From Michael S@21:1/5 to Richard Heathfield on Sat Jun 14 22:07:02 2025

On Fri, 13 Jun 2025 15:43:09 +0100
Richard Heathfield <rjh@cpax.org.uk> wrote:

On 13/06/2025 14:56, Michael S wrote:

The practice proved many times that it can be done. But
only by very good team. You team is not good enough.

Sound advice. If you can't stand the heat, get out of the
kitchen. Go and drive a cab or something, and leave programming
to the grown-ups.

That does not sound right.
There are plenty of people that can be successful programmer despite
lacking abilities to be successful programmers in unsafe languages.
More so, it's not uncommon for people that can successfully program in
unsafe languages to be less productive application programmers than
people that, as you put it, "can't stand the heat".

--- SoupGate-Win32 v1.05
* Origin: fsxNet Usenet Gateway (21:1/5)

From Mateusz Viste@21:1/5 to Michael S on Sat Jun 14 21:37:51 2025

On 13.06.2025 15:56, Michael S wrote:

A significant part of x86 installed base (all Intel Core CPUs starting
from gen 6 up to gen 9 and their Xeon contemporaries) has extension
named Itel MPX that was invented exactly for that purpose. But it didn't
work particularly well. Compiler people never liked it, but despite
that it was supported by several generations of gcc and probably by
clang as well.

This does not really sound like something "readily available", unless you
are suggesting that I migrate to a Linux kernel from 10 years ago, switch
to gcc 5.0 and use outdated hardware.

The proper solution to your problem is to stop using memory-unsafe
language for complex application programming. It's not that successful
use of unsafe languages is for complex application programming is
impossible. The practice proved many times that it can be done. But
only by very good team. You team is not good enough.

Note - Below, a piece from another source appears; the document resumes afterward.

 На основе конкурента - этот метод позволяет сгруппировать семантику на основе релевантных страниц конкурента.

Just to clarify: I didn’t post here seeking help with a simple out-of-bounds
issue, nor was I here to vent. I’ve been wrangling C code in complex,
high-performance systems for over a decade - I’m managing just fine. Code
improvement is a continual, non-negotiable process in our line of work, but
fires happen occasionally nonetheless. While fixing the issue, I started
wondering about how faults like this could be located faster, that is
assuming they do slip into production - because in spite of the testing
process, some faults will inevitably get to customers.

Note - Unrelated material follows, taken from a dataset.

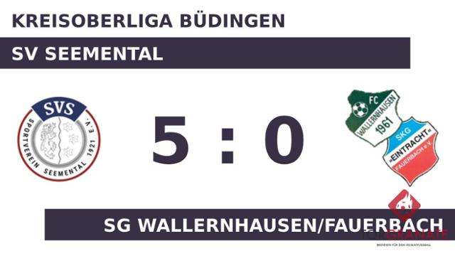 Linus Schleucher stellte die Weichen für den SV Seemental auf Sieg, als er in Minute 31 mit dem 1:0 zur Stelle war. Ein Tor auf Seiten der Heimmannschaft machte zur Pause den Unterschied zwischen den beiden Mannschaften aus. Wenig später kamen Jan Niklas Uecker und Kevin Maurice Grimmer per Doppelwechsel für Nils Rinker und Robin Lang auf Seiten der SG Wallernhausen/Fauerbach ins Match (55.). Erik Schmiedl ließ sich in der 56. Minute nicht zweimal bitten und verwertete zum 2:0 für den SV Seemental. Tobias Silberling verwandelte in der 65. Minute einen Elfmeter und baute den Vorsprung des SV Seemental auf 3:0 aus. In der 72. Minute legte Niklas Barwig zum 4:0 zugunsten des SV Seemental nach. Nico Lambmann gelang in den Schlussminuten noch ein weiterer Treffer für den SV Seemental (85.). Letztlich feierte der SV Seemental gegen die SG Wallernh./Fauerb. nach einer überzeugenden Darbietung einen verdienten 5:0-Heimsieg.

A crash that happens closer to the source of the problem (same compilation
unit) would significantly ease the debugging effort. I figured it was a
topic worth sharing, in the spirit of sparking some constructive
discussions.

Mateusz

--- SoupGate-Win32 v1.05
* Origin: fsxNet Usenet Gateway (21:1/5)

From Mateusz Viste@21:1/5 to Tim Rentsch on Sat Jun 14 22:22:12 2025

On 14.06.2025 01:31, Tim Rentsch wrote:

It isn't wrong to think of bitwise-and as masking-in (or possibly >masking-out) of certain bits, but it still isn't a modulo. A modulo >operation is what is desired;

By "different viewpoints," I meant that while you approach the problem by
applying a modulo operation to the index so it fits the array size, I tend
to think in terms of ensuring the index correctly maps to a location within
an n-bit address space. Naturally, the array should accommodate the maximum
possible index for the given address space, and that’s where the original
code fell short. And you're absolutely right that hardcoded values are
problematic, the size of the array should have been linked with the n-bits
address space expectation.

I think you have misunderstood the point of my comments. In some
cases one is confronted with a symptom that defies one's best
efforts to diagnose what is causing the symptom. Looking for known
classes of errors is another arrow in the quiver of techniques for >discovering what is causing the observed behavior.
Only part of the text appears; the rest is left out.